» RECORD EXTRACTS:
----

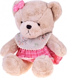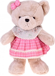 Ursulețul Zuzia cucerește prin blănița bej catifelată, fundița roz de pe urechiușă și rochița în carouri cu tiv din dantelă. Datorită plușului moale, este perfect pentru îmbrățișări și pentru liniștirea de dinainte de somn și, în același timp, este o decorațiune fermecătoare pentru camera copilului.
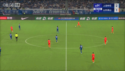 半场战罢,申花暂2-2泰山。
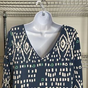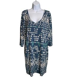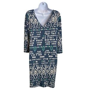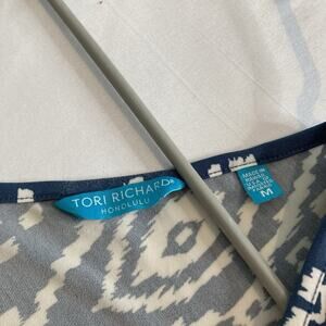 Tori Richard Honolulu Women's Blue Modern Print Dress Size M Artsy Stretchy
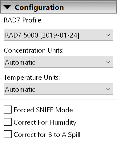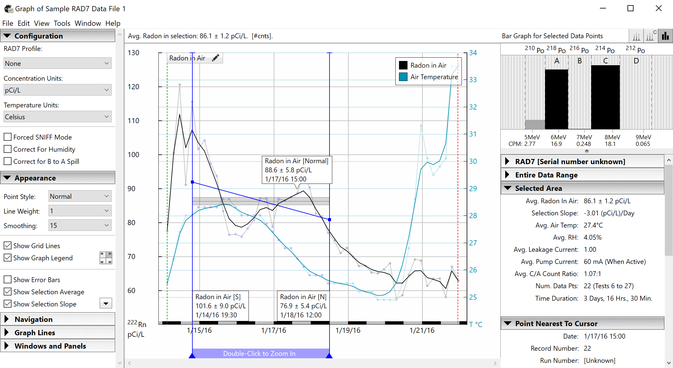 RAD7 Profile Pop-Up Menu RAD7 Profiles contain sensitivity information and spill factor values that allow RAD7 data to be more accurately parsed and presented. CAPTURE maintains a collection of RAD7 Profiles, and they are created automatically as needed. When a RAD7 data file is opened, CAPTURE will select an appropriate profile, with respect to which RAD7 produced the data, and when the data was recorded. This selection may be overridden if desired using the RAD7 Profile pop-up menu. The collection of RAD7 Profiles may be edited in the Preferences Window, as described in the Preferences Window section. Concentration Units Pop-Up Menu Determines the unit of measurement used to denote radon and thoron concentrations on the graph. The available options include Automatic, Bq/L, Bq/m3, dpm/L, and pCi/L. The Automatic option causes radon and thoron concentrations to be presented in the unit in which they were originally recorded inside the RAD7. Temperature Units Pop-Up Menu Determines the unit of measurement used to denote air and water temperatures on the graph. The available options include Automatic, Celsius, Fahrenheit, and Kelvin. The Automatic option causes temperatures to be presented in the unit in which they were originally recorded inside the RAD7. Forced SNIFF Mode Checkbox Determines whether the graph data is forced to be displayed as if it was recorded in SNIFF Mode. This checkbox is enabled whenever there exists at least one record that truly was recorded in SNIFF Mode. Such records are analyzed to determine the necessary SNIFF sensitivity data. Correct For Humidity Checkbox Determines whether the graph data is corrected for humidity. When relative humidity is high, radon concentration values are often underreported. Humidity correction compensates for this. Correct for B to A Spill Checkbox Determines whether correction is applied based on the spill from the B to A windows. Significant spill occurs when the thoron concentration is high relative to the radon concentration. Under these conditions it is recommended that the data be corrected to compensate. Appearance Panel ![]() Figure 3: The Appearance Controls Panel Point Style Pop-Up Menu Determines the appearance of the data points on the graph. The options are Normal, Shapes, B&W (Black and White) Shapes, and Hidden. The B&W Shapes option causes the graph to be rendered in black and white, which is useful when graph image is printed on a non-color printer. Line Weight Pop-Up Menu Determines the thickness of the graph lines, as measured in pixels. This value may range from 1 to 4, or the graph lines may be hidden. A thicker line may be easier to read, but is somewhat less precise than a single-pixel line. Smoothing Pop-Up Menu Determines the degree of smoothing applied to the graph line. This value may range from 1 (no smoothing) to 9 (high smoothing). When the degree of smoothing is greater than 1, the original, non-smoothed graph line appears faded in the background. Show Grid Lines Checkbox Determines whether horizontal and vertical grid lines are visible on the background of the graph. Grid lines are drawn at regular intervals, with vertical lines representing time intervals, and horizontal lines representing concentrations, temperatures, and humidity levels. Show Graph Legend Checkbox Determines whether the legend is visible on the Graph Window. The legend indicates the significance of the colors that appear on the graph. To the right of the Show Graph Legend Checkbox is a small control for setting the position of the Graph Legend. It may be placed in any of the four corners of the graph image. Show Error Bars Checkbox Determines whether error bars are visible on the graph. Error bars are vertical line segments which pass through data points, indicating the uncertainty of radon and thoron readings. Show Selection Average Checkbox Determines whether a representation of the average of the selection is displayed between the Selection Bars. A horizontal line represents the average of the selection, and a shaded region represents the uncertainty of the average. Separate representations appear for Radon, Thoron, Radon in Water, and Thoron in Water. Show Selection Slope Checkbox Determines whether the Selection Slope Line is visible on the graph. This checkbox may be checked or unchecked, or it may be set to an intermediate partially checked state, in which case the Selection Slope Line only appears if the selection contains a series of fairly evenly distributed data points. The Selection Slope Line starts at the first Selection Bar and ends at the second Selection Bar. The default angle of the Selection Slope Line is based on a linear regression formula accounting for the distribution of the selected data points. However the line's endpoints may be dragged manually to modify the position and angle of the line if desired. If the line is adjusted manually, it will change from blue to red to indicate that a modification was made. The line's slope is stated in the Statistics panel, where it is expressed as a change in radon or thoron concentration per unit of time. The pop-up menu control to the right of the Show Selection Slope Checkbox is used to specify the time unit used in this expression. The time unit may be set to either Automatic, Months, Days, Hours, Minutes, or Seconds. Navigation Panel ![]() Figure 4: The Navigation Controls Panel Graph Zoom Slider Zooms the radon graph in and out. When this slider is dragged all the way to the left, the entire collection of data is made visible, and no horizontal scrolling is required to see data points. Scale Pop-Up Menus The Radon Concentration Scale pop-up menu determines whether the Y scale of the radon graph is determined automatically or manually. If Automatic is selected, the graph's Y scale will be configured such that the visible radon points will occupy the entire available vertical space. Selecting Manual makes it possible to control the Y scale region yourself. Also appear
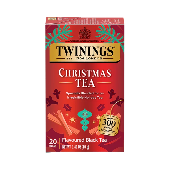 Twinings is delighted to offer this limited edition winter tea that celebrates the joy and spirit of the holiday season. Our Christmas Tea™ is an aromatic blend that combines the finest black teas with the traditional flavours of cinnamon and clove. Create a merry moment with Twinings Christmas Tea™ . Expertly blended with the savoury flavours of cinnamon and clove, this fine black tea is sure to bring you holiday cheer with its warm, spicy taste and soothing aroma. Ingredients Black tea Natural flavour

----

» WORK REQUEST: Once the line containing "Tori Richard Honolulu" has been located, transcribe exactly and only every line from the first line of the entries through it, excluding pictures.

» TASK SOLUTION:
 Ursulețul Zuzia cucerește prin blănița bej catifelată, fundița roz de pe urechiușă și rochița în carouri cu tiv din dantelă. Datorită plușului moale, este perfect pentru îmbrățișări și pentru liniștirea de dinainte de somn și, în același timp, este o decorațiune fermecătoare pentru camera copilului.
 半场战罢,申花暂2-2泰山。
 Tori Richard Honolulu Women's Blue Modern Print Dress Size M Artsy Stretchy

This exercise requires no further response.